Pediatric Hepatology and Liver Transplant Unit, Hospital Universitari de la Vall d'Hebron, Universitat Atònoma de Barcelona, 08036, Barcelona, Spain.
Hepatology and Liver Transplant Unit, Hospital Universitari de la Vall d'Hebron, Universitat Atònoma de Barcelona, 08036, Barcelona, Spain.
Transpl Int. 2018 Jan;31(1):38-44. doi: 10.1111/tri.13037. Epub 2017 Sep 27.
To assess the safety and efficacy of conversion from twice-daily tacrolimus to once-daily tacrolimus in pediatric liver transplant recipients. Conversion from twice-daily to once-daily tacrolimus was made in stable pediatric liver transplant recipients. Doses and serum levels of tacrolimus, liver, and renal function were recorded on the day before the conversion and at days 5, 30, 90, and 180 postconversion. Patients were controlled every 2-3 months thereafter. Fifty-five patients were enrolled in the study. The mean age at conversion was 10.2 ± 3.6 years. The mean tacrolimus trough level was 4.7 ± 1.9 ng/dl preconversion, followed by a significant decline to 4.2 ± 1.7 30 days after the switch (P < 0.004). Mean daily tacrolimus dose was 0.09 ± 0.046 mg/Kg preconversion with a significant increase to 0.11 ± 0.060 3 months postconversion (P < 0.001). Fifteen patients with calculated glomerular filtration rate between 60 to 80 ml/min/m preconversion showed a significant improvement one and 3 years after the switch (73 ± 4.1, 83 ± 4.3 and 90.3 ± 7.3 ml/min/m , respectively (P < 0.001). The mean follow-up was 5.2 ± 2.4 years. Conversion to once-daily tacrolimus is safe and effective in a cohort of stable pediatric liver transplant patients.

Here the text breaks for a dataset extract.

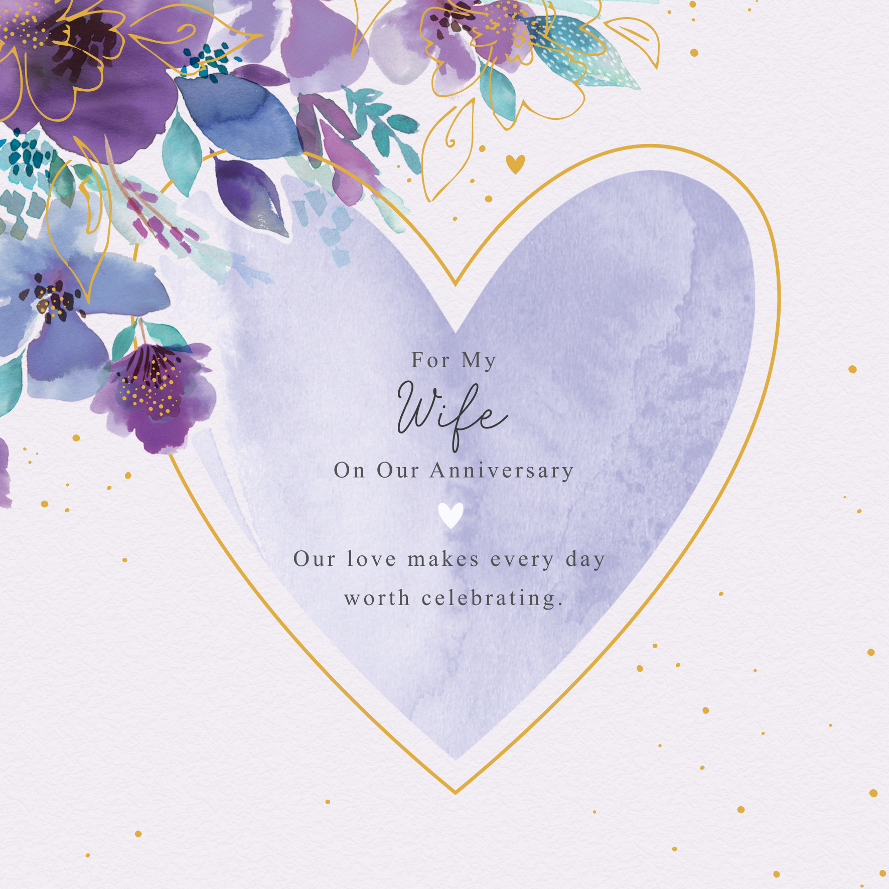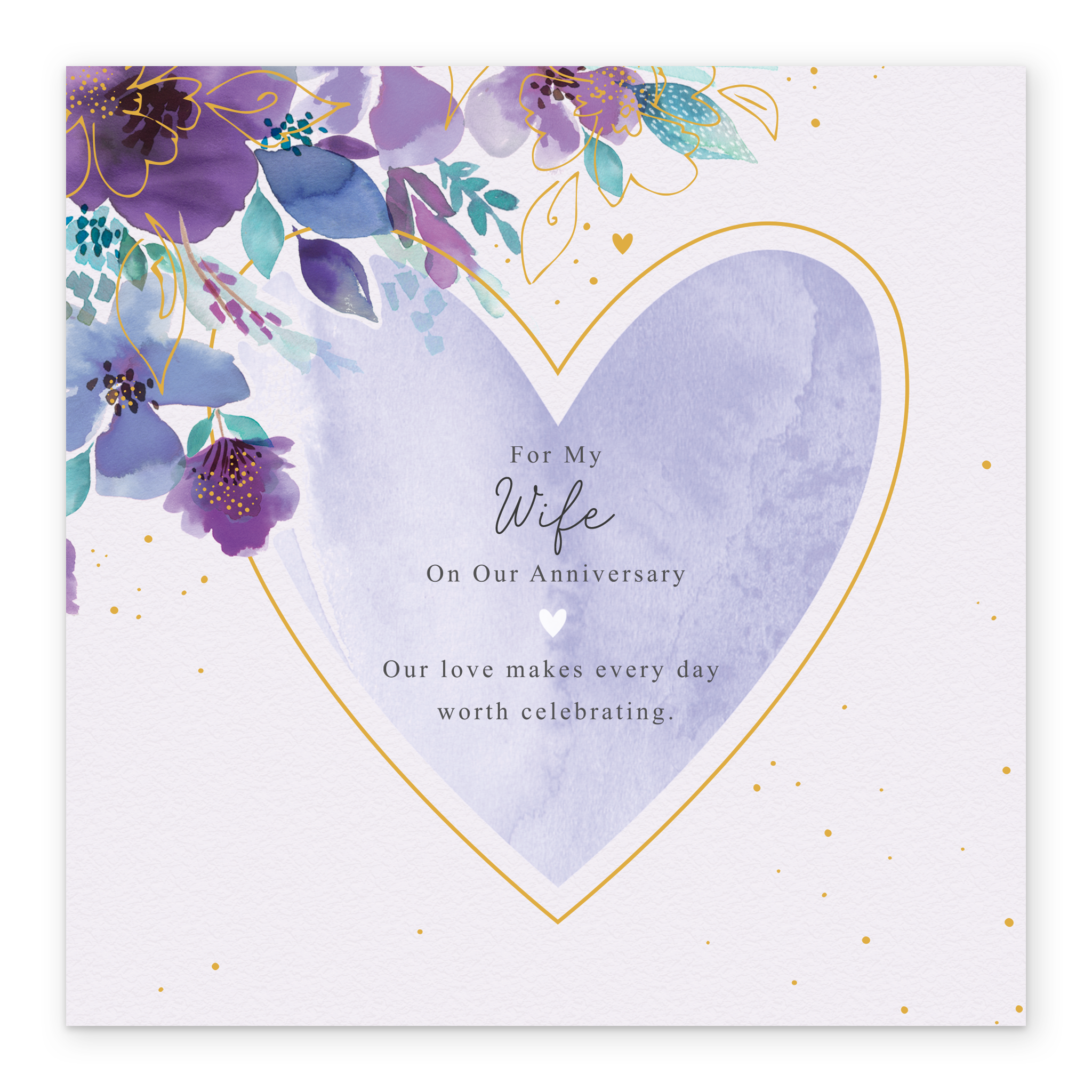 Printed on premium-quality board, this card features a blue watercolour heart, framed by a gold outline, set against a gold-flecked white background with blue and purple watercolour flowers in the top left corner of the card and black lettering in the centre of the heart, with the message 'For My [NAME] On Our Anniversary. Our love makes every day worth celebrating.', space to personalise a name, and comes complete with a co-ordinating white envelope.

评估将每日两次的他克莫司转换为每日一次在小儿肝移植受者中的安全性和疗效。在稳定的小儿肝移植受者中进行从每日两次到每日一次的他克莫司转换。在转换前一天和转换后第 5、30、90 和 180 天记录他克莫司的剂量和血清水平、肝肾功能。此后每 2-3 个月对患者进行一次控制。共有 55 名患者入组研究。转换时的平均年龄为 10.2 ± 3.6 岁。转换前他克莫司谷浓度的平均值为 4.7 ± 1.9ng/dl,转换后 30 天显著下降至 4.2 ± 1.7ng/dl(P < 0.004)。转换前平均每日他克莫司剂量为 0.09 ± 0.046mg/Kg,转换后 3 个月显著增加至 0.11 ± 0.060mg/Kg(P < 0.001)。转换前肾小球滤过率(GFR)在 60-80ml/min/m 之间的 15 名患者在转换后 1 年和 3 年时显示出显著改善(分别为 73 ± 4.1、83 ± 4.3 和 90.3 ± 7.3ml/min/m,P < 0.001)。平均随访时间为 5.2 ± 2.4 年。在稳定的小儿肝移植患者队列中,将他克莫司转换为每日一次是安全有效的。